We can add to this query and get link information for more than one page; let's also look at Mako's user page:
parameters['titles'] += '|User:Benjamin Mako Hill'
The +=
in the line above means "add to the existing variable", so in this case
it appends that string to the end of the string already stored at
'titles'
. (In the file, the string has already been appended.) We're also
going to switch from printing out the contents of the response to storing the
links in lists instead, in a dictionary where the keys are the names of our
pages:
page_links = {}
Now we're going to build a slightly different loop than we had before, because we need to make sure each list is present before we change it:
while True:
wp_call = requests.get(ENDPOINT, params=parameters)
response = wp_call.json()
for page in response['query']['pages']:
page_title = response['query']['pages'][page]['title']
if page_title not in page_links:
page_links[page_title] = []
if 'links' in response['query']['pages'][page]:
page_links[page_title].extend(response['query']['pages'][page]['links'])
if 'continue' in response:
parameters['continue'] = response['continue']['continue']
parameters['plcontinue'] = response['continue']['plcontinue']
else:
break
Now we're building our dictionary of lists; because we'll sometimes not get
links for one page or another (it'll first give us links from Mako's user page,
and then it'll give links from mine) we need to test for the presence of the
'links'
entry in the response dictionary. This is a good example of what's
called sanitizing input, or verifying that the data we're getting is in a
usable form. There's a lot of examples of unsanitized data causing unexpected
problems in software, some more benign than others. In this case, a missing
'links'
key is completely expected, so we're fine with that value not being
present. In others, it would be an error that would require exiting before
something bad happened. (Figuring out when missing data is safe isn't easy, but
it's not impossible either. Ask me about it!)

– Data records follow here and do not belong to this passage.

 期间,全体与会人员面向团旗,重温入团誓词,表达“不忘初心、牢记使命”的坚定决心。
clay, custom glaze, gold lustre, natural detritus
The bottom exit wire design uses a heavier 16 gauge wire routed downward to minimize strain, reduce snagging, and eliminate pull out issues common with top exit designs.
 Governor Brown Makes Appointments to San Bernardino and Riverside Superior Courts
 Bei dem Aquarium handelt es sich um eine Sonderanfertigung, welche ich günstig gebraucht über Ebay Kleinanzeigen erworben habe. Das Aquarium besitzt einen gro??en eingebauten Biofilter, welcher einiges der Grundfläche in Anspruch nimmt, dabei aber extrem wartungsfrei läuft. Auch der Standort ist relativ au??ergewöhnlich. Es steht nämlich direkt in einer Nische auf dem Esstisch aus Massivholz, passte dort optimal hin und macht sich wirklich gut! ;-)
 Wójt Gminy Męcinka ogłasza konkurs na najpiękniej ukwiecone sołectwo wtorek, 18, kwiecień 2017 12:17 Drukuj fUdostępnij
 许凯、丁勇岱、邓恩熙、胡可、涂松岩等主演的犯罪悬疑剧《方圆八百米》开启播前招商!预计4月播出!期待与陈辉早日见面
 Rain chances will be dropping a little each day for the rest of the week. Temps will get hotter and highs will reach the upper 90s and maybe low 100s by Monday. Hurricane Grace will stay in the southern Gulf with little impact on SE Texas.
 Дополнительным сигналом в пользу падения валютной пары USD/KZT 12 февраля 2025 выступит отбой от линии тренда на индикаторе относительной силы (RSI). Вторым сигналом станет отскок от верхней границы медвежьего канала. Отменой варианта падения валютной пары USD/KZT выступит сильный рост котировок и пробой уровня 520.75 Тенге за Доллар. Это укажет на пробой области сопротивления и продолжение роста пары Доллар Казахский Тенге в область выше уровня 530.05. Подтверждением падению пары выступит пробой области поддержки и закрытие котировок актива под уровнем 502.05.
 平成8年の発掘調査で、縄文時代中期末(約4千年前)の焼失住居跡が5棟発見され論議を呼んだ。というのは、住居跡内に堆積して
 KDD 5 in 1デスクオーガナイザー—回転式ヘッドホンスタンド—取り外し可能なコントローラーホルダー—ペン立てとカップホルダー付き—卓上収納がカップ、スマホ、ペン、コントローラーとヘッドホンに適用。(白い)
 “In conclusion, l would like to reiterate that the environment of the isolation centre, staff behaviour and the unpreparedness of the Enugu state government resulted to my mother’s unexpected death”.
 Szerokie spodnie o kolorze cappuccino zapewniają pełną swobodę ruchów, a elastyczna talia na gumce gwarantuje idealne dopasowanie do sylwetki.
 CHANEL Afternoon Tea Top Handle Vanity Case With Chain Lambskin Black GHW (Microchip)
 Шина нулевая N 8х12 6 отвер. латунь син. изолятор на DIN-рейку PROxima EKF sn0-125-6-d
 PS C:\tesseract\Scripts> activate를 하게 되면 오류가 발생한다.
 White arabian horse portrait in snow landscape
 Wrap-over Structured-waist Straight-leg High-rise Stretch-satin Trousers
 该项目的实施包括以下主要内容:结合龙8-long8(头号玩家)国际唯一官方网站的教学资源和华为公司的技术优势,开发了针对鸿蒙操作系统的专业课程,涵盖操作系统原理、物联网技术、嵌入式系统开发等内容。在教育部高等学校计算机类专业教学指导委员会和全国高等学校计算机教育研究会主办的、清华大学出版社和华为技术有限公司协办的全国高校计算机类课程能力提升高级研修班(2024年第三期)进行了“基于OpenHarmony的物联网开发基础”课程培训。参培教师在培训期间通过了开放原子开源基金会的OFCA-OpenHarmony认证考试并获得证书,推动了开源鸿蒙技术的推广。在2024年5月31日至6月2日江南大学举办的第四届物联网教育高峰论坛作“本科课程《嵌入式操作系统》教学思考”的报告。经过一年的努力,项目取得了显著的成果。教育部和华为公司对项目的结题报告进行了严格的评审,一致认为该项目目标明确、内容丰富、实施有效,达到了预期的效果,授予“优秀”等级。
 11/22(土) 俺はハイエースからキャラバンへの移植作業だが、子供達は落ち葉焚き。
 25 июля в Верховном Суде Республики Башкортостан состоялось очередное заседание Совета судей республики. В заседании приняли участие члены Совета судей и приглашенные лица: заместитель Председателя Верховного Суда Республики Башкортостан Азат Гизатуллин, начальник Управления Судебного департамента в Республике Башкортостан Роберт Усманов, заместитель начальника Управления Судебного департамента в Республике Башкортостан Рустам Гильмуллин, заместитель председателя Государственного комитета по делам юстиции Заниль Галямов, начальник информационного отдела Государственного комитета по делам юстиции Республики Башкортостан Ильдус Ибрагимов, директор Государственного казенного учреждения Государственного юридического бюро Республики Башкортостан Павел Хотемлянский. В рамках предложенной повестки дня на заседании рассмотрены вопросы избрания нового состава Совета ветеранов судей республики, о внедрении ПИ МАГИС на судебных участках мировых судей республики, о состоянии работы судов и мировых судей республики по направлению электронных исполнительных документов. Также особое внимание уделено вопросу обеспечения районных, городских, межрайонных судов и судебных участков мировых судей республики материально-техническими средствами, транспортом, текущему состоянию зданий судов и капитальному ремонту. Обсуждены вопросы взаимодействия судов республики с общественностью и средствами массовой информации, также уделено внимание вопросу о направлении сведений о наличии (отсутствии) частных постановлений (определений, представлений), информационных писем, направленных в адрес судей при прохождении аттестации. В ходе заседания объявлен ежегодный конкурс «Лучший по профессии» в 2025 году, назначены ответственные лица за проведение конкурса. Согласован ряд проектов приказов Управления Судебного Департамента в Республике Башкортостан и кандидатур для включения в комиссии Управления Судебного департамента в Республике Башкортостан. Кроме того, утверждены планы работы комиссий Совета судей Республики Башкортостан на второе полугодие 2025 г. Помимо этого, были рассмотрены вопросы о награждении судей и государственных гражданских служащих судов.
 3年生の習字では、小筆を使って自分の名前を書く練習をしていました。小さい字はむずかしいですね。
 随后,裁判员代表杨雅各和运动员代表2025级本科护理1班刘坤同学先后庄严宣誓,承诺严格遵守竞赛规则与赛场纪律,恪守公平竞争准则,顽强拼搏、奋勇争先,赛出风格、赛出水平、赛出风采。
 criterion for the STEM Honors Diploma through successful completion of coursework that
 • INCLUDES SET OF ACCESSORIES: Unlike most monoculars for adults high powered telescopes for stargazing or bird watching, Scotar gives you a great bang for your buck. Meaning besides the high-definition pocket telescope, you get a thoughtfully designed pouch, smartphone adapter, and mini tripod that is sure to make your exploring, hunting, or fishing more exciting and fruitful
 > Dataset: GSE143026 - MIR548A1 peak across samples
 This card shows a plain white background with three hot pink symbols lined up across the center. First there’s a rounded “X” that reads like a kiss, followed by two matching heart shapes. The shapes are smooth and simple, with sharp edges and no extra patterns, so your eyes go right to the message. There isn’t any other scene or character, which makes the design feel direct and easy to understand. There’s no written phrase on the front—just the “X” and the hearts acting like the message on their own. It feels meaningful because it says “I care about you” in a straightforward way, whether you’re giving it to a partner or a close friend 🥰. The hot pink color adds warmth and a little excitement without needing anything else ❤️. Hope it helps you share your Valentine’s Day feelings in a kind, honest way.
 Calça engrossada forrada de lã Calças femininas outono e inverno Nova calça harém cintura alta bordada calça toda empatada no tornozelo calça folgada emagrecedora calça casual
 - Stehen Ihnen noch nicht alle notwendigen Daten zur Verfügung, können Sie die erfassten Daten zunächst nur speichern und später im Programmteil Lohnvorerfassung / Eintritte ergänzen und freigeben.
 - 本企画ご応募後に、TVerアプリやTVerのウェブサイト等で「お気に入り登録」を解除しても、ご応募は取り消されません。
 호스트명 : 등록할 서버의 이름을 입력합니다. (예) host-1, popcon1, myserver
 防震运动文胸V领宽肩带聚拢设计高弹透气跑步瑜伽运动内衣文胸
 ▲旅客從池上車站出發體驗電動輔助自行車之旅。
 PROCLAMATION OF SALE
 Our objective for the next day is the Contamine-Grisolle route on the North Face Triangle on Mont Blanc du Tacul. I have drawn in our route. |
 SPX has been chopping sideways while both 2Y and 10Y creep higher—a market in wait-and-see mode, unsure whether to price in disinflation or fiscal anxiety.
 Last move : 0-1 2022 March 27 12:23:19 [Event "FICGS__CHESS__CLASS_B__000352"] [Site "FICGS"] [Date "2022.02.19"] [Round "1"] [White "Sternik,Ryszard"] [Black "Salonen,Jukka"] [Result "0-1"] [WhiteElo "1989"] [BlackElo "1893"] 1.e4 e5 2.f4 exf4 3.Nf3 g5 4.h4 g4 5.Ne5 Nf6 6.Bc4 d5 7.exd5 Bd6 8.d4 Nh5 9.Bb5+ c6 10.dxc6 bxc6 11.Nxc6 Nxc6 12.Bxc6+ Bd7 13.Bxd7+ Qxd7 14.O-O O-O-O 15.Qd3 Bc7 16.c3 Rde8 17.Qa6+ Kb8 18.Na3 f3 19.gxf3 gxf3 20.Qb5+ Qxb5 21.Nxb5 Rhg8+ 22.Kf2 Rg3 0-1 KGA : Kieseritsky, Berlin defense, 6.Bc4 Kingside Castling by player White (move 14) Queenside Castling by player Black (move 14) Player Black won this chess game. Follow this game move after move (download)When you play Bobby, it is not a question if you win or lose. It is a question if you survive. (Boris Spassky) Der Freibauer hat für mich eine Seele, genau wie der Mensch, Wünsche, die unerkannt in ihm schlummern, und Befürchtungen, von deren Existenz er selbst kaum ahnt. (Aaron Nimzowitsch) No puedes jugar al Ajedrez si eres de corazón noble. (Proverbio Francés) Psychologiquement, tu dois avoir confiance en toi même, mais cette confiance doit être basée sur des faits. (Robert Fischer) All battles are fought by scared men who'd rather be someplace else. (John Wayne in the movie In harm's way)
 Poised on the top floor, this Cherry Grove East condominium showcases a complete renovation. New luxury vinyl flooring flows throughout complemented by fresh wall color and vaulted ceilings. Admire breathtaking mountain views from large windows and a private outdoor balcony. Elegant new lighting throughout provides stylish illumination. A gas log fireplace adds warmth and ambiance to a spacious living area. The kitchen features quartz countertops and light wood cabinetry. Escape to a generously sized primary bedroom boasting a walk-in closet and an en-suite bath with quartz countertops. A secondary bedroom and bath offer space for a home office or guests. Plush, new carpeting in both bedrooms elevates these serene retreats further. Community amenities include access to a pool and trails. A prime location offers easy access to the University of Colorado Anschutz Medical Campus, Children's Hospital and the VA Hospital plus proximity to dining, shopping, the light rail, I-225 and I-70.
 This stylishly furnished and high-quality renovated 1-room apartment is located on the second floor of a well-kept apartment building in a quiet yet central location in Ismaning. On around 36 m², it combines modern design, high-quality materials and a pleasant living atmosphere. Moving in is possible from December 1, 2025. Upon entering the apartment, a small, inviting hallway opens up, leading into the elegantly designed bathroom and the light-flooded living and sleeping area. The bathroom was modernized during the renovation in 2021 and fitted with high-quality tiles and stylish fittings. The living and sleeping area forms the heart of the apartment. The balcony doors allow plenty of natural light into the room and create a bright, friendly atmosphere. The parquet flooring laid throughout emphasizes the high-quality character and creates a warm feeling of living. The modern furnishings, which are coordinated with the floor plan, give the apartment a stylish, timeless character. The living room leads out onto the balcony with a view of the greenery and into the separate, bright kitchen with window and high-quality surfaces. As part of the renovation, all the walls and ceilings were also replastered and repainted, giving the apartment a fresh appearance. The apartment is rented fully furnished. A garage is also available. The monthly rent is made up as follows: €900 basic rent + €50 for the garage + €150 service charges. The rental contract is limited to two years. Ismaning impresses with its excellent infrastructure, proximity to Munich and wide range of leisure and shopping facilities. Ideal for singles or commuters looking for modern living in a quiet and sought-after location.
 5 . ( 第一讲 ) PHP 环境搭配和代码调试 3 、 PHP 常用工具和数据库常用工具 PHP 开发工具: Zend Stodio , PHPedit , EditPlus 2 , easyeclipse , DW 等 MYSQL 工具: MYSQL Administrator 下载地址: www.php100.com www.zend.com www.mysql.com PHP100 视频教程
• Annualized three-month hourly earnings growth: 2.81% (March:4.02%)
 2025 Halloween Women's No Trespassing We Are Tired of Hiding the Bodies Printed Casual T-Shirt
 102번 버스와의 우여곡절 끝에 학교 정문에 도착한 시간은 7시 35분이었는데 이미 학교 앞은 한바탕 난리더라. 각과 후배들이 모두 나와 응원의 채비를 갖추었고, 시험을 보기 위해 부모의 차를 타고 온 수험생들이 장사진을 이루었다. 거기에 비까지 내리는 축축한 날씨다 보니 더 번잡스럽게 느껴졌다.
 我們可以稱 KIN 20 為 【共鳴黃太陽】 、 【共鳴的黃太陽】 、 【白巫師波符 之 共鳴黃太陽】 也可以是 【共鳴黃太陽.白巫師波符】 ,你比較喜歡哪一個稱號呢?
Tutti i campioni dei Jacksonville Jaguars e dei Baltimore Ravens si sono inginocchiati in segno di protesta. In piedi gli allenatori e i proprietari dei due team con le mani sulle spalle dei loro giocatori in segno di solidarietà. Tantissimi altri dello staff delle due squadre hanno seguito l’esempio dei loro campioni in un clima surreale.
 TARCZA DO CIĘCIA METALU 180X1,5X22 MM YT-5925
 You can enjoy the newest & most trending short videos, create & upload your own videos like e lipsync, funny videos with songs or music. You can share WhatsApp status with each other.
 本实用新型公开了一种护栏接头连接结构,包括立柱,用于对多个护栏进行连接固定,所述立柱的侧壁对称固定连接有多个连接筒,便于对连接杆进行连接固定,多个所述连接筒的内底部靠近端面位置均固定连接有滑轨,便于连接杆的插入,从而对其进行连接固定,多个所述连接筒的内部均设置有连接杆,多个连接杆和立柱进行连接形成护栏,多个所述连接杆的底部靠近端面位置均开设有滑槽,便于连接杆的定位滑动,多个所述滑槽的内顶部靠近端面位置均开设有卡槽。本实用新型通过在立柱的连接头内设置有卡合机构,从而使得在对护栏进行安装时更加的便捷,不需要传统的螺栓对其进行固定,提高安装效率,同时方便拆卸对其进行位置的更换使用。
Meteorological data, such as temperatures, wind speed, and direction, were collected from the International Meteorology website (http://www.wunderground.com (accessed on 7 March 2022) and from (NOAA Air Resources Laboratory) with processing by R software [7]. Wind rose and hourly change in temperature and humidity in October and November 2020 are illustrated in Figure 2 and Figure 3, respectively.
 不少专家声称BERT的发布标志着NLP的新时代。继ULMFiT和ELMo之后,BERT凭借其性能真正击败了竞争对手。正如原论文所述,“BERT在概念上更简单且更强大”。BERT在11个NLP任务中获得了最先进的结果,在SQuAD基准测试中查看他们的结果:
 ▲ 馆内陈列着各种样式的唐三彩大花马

Now that we have our data, we could run some rough statistics on it, like how many entries there are, how many are shared between the two pages, if each shows up in the other ... there's a lot of information to be had just from this set. Those are questions I'll leave up to you, however, because I'd like to show some other types of queries we can run.
We've now learned how to build a query, how to look for different pieces, and how to modify our basic query. Instead of continuing to look at links for the moment, let's look into what we can do with another type of data the Wikipedia API offers: revisions to articles.
Each revision is a separate change to a Wikipedia article. The revision
datatype in the Wikipedia API captures all sorts of metadata about the change
made, in addition to the actual content of the change; it captures the username
(or another identifier, we'll talk about that in a moment), the time the change
was made, the comment the user making the change left in the comment field, and
a hash of the change (a unique number generated from the content of the change
to represent it.) We'll be looking at usernames and a flag that gets set for
some of them. (A flag is a boolean value, true
or false
, which is normally
false
unless some specific condition is met.)
As before, there's much more to this API than what we're covering here. I highly recommend visiting the API documentation and reading more there.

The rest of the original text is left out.